Her voice comes as her fingers settle on his brow and though he still cannot tear his eyes away from her, he is shaken from his stupor enough to bring a hand up to the edge of her dress where it lies folded, utterly failing at its job of covering her from prying eyes.

Eyes such as his own.

Her breath catches at his touch and he can both feel and see how her chest stills with it, her flush deepening as she looks down to where his fingers are.

"That's what caught." She says, some great revelation lost to him. "I must have torn a button or two on that damn rug."

She slips her fingers between his to take hold of the fabric of her dress and with a jerk steps away again from his reach.

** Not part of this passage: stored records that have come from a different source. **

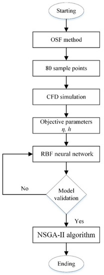 The annular jet pump optimization method proposed in this paper consists of several algorithms. A flow chart is shown in Figure 4. This method uses the optimum space filling (OSF) [35] experimental design method to get the global optimal point in the nonlinear optimization space, and adopts a non-dominated sorting genetic algorithm (NSGA-II) to optimize the local detail based on the RBF neural network model. The basic steps are as follows: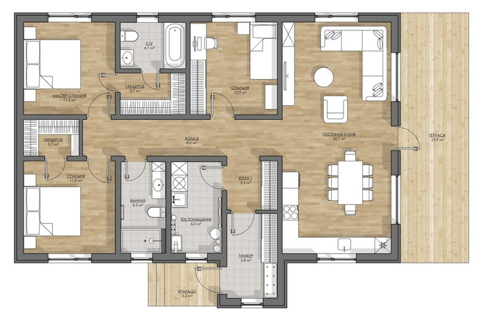 Вариант 1. С самой просторной мастер-спальней (15,7 м²)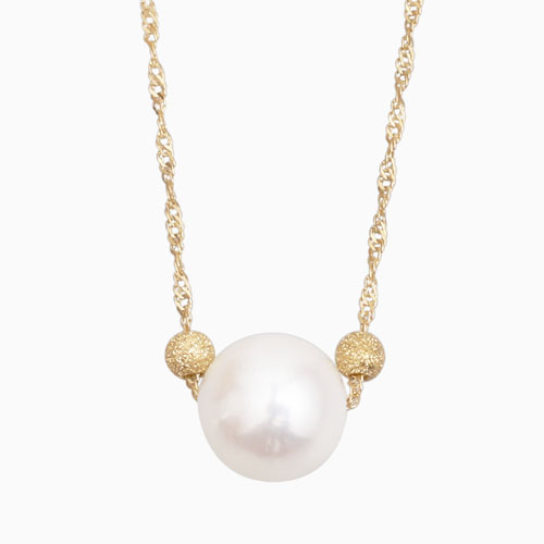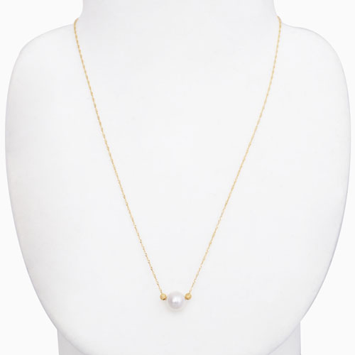 7.5mm珠のあこや真珠は、見た目にもゴージャス、着ければその存在感はかなりのもの!首元をぱっと明るく、大人の華やかさを演出してくれます。パールの左右にはイタリア製の18金のスターダストボールを配してさらに豪華さをプラス。チェーンには金属アレルギーを起こしにくいと言われている高級素材、純度75%の18金を使用しています。全ての素材にこだわった、シンプルな一粒パールのペンダントネックレスは、年齢やファッションに左右される事がないベーシックアイテム。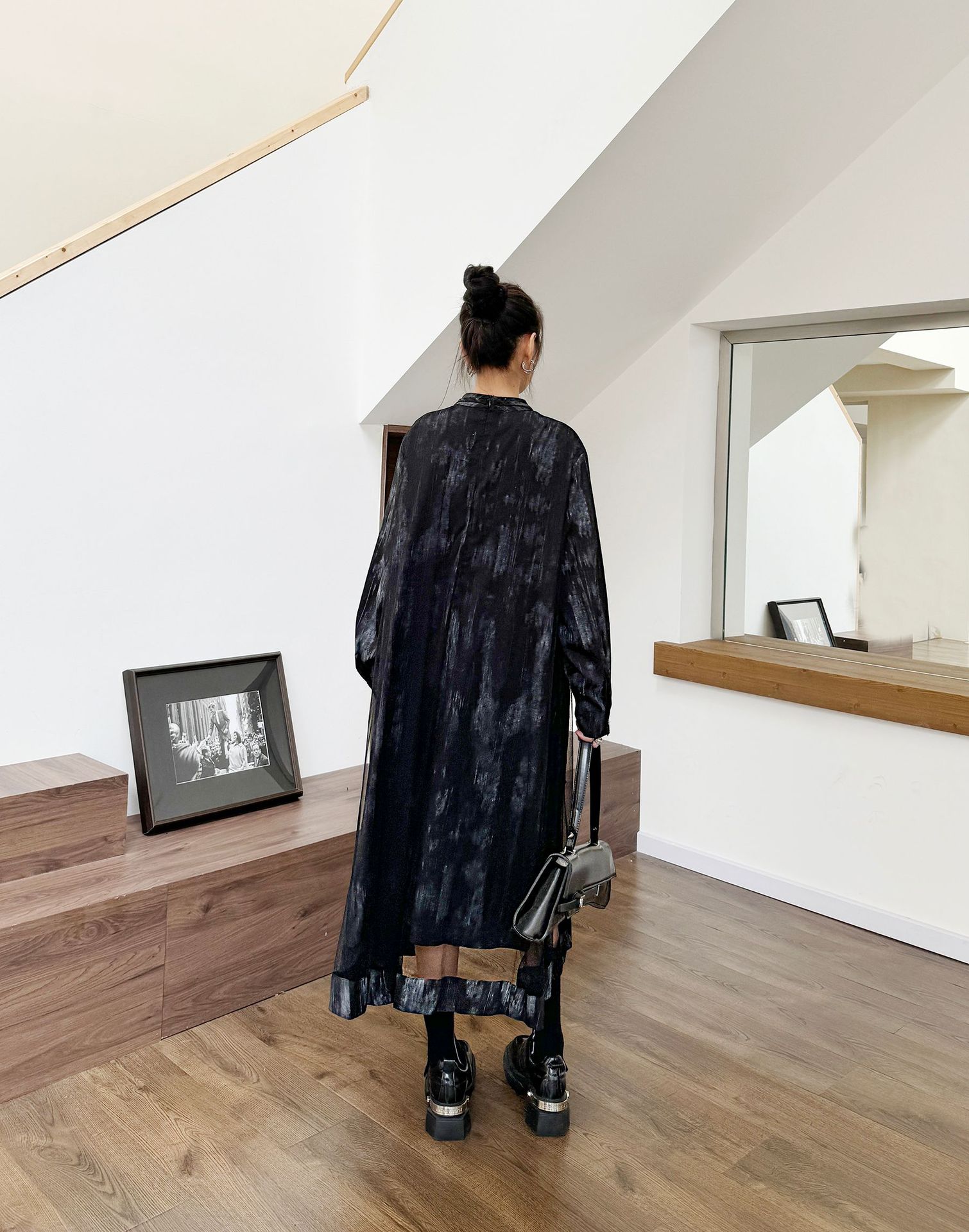 【ワンピース】韓国風 春秋新作 ゆったり大きめサイズ 体型カバー 花柄長袖ミディアムワンピース【SHシリーズ】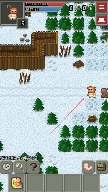 1、进入游戏查看左上角角色信息,如生命值20000/20000等,在雪地场景移动探索。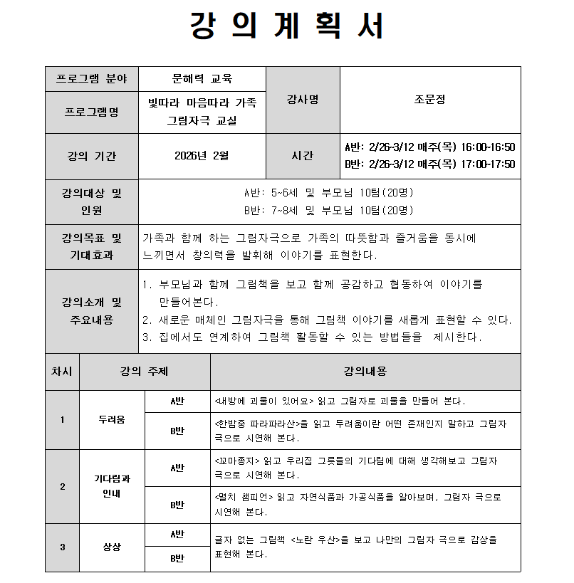 | 강좌명 | (5~6세 및 부모님) 빛따라 마음따라 가족 그림자극 교실-A반 |

"Thank heavens it was you who found me, Mr Carson." She says and as her skin is covered once more by her hand holding the dress in place, he finds he can finally move.

Half a step brings her back into the reach of his arms, her body pressed to his as he takes her bitten lip against his own.

Thank heavens indeed, he thinks as she first stiffens in surprise and then wraps a hand about his neck, the carpet forgotten and his mood improving once again.

He shall speak to His Lordship about taking an afternoon to visit the church. She is right, he is now able and very willing to concede; they have waited long enough.